Todo, o casi, en la especie humana, trata de incentivar solapadamente, la conquista y el deseo sexual. La moda, la estética, las apariencias, las propagandas, por ejemplo de perfumes, de ropa interior o de higiene bucal, hacen que los techos sexuales que ofrece el sistema sean, a veces, tan inalcanzables como la riqueza y el bienestar de los notorios, generando una lógica e inconsciente insatisfacción y frustración que alimenta, en mayor o menor grado, al continuo consumo y deseo sexual, así sea solo marital.
Por eso esta especie no tiene época de celo, salvo el lapso de la niñez a la vejez. Por eso cada vez somos más, además de la evolución de la ciencia. No se nace híbrido. Se nace mujer o se nace varón. El sexo no es una elección. Sí lo es cambiar de sexo. Y no solo es una elección, también y sobre todo, es un derecho.

Suele suceder que para afirmar este derecho caigamos en su promoción. Ante el oprobio de la discriminación sexual, promocionar el derecho, y hasta luchar por él, considero fantástico. Lo que no se puede es magnificar a tal punto la inquietud, que raye en una aparente virtud. Si alguno piensa que se necesita “educación sexual” para la libre opción, es un desmemoriado o un hipócrita. El deseo nace antes que la razón y la deshinibición. Por eso las primeras relaciones sexuales que la mayoría hemos tenido, han sido, justamente en la niñez y en forma homosexual, a gusto o a falta de otra.

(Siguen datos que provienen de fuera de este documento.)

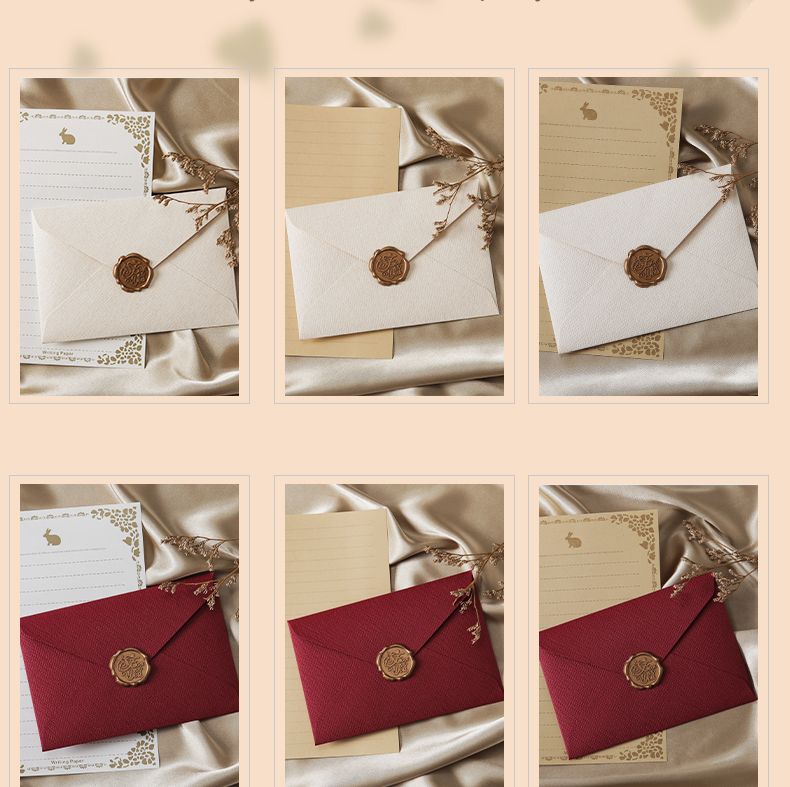 | A款-3个信封+10信纸+3火漆贴(红麻布) | USD $3.05 | 999999 piece available |

El secreto y la obvia clandestinidad de esta etapa, formaban parte de uno de los primeros derechos mas esenciales de la individualidad, la fantasía y el crecimiento. Y vaya si hemos tenido opción de elegir.

No se puede educar sexo. Se puede, y se debe, informar, de tal manera que se erradique cualquier tipo de culpa o estigma. La educación sexual en la niñez queda a cargo de quienes progenitan, a cargo del ámbito familiar y social donde se crece. Y no porque sea mejor. Nada bueno sería que un niño, a esa edad, tenga un triple discurso. La escuela, el hogar, y el personal, creándole, obligadamente, un conflicto que lo afecte de por vida. Por eso el sexo, desde la niñez en adelante, es privado.
Dejemos que natura haga su trabajo, sabiamente como lo hace siempre. Conformémonos con difundir y defender la incondicional aceptación igualitaria. El amor. El amor es el corazón en la piel. Y hoy, sinceramente, después de tanta palabra no llego a la altura para hablar de él.”